Biography
Dieter Roelstraete is the curator at the Neubauer Collegium for Culture and Society at the University of Chicago. His curatorial interests concern the relationship between art and politics, art as a species of knowledge, art work as intellectual labor, and the conception of exhibition-making as a form of writing. As a critic and theorist, he has lectured and published extensively on the art & research nexus, as well as the “problem” of pleasure in art. Other long-standing research interests concern the realist tradition and the enigma of thingness.
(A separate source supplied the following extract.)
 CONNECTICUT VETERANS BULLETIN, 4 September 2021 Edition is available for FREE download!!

Roelstraete was initially trained as a philosopher at the University of Ghent in Belgium; the long history of art’s tangled relationship with “theory” colors much of his curatorial and critical work.
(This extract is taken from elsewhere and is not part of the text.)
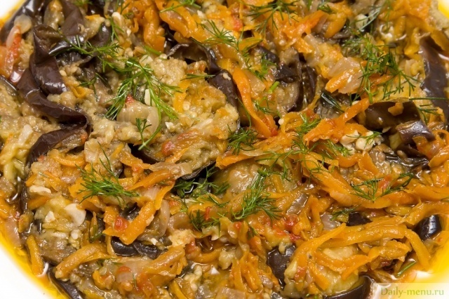баклажаны, сок томатный, морковь, лук репчатый, укроп и другие пряные травы, масло подсолнечное

At the Neubauer Collegium, Roelstraete has curated solo exhibitions by Jason Dodge, Pope.L, Martha Rosler, and Cecilia Vicuña, as well as group exhibitions featuring the work of Zachary Cahill and David Schutter among others. Prior to his appointment at the University of Chicago, Roelstraete served on the curatorial team convened by artistic director Adam Szymczyk to organize Documenta 14 in Athens and Kassel in the spring and summer of 2017. As Manilow Senior Curator at the Museum of Contemporary Art Chicago from 2012 until 2015, he organized Goshka Macuga: Exhibit, A (2012); The Way of the Shovel: Art as Archaeology (2013); Simon Starling: Metamorphology (2014); The Freedom Principle: Experiments in Art and Music 1965 to Now (2015, co-curated with Naomi Beckwith); and Kerry James Marshall: Mastry (2016, co-curated with Ian Alteveer and Helen Molesworth; traveled to the Metropolitan Museum of Art, New York, and the Museum of Contemporary Art, Los Angeles). From 2003 until 2011 he was a curator at the Antwerp Museum of Contemporary Art (MuHKA) in his native Belgium, where he organized large-scale group exhibitions as well as monographic shows, including Emotion Pictures (2005); The Order of Things (2008); Liam Gillick and Lawrence Weiner—A Syntax of Dependency (2011); A Rua: The Spirit of Rio de Janeiro (2011); and Chantal Akerman: Too Close, Too Far (2012).
An exhibition dedicated to the phenomenon of the philosopher’s hut and organized at the Fondazione Prada in Venice in conjunction with that city’s 16th architecture biennial in 2018 forms the basis for a book he is currently preparing for publication by the University of Chicago Press.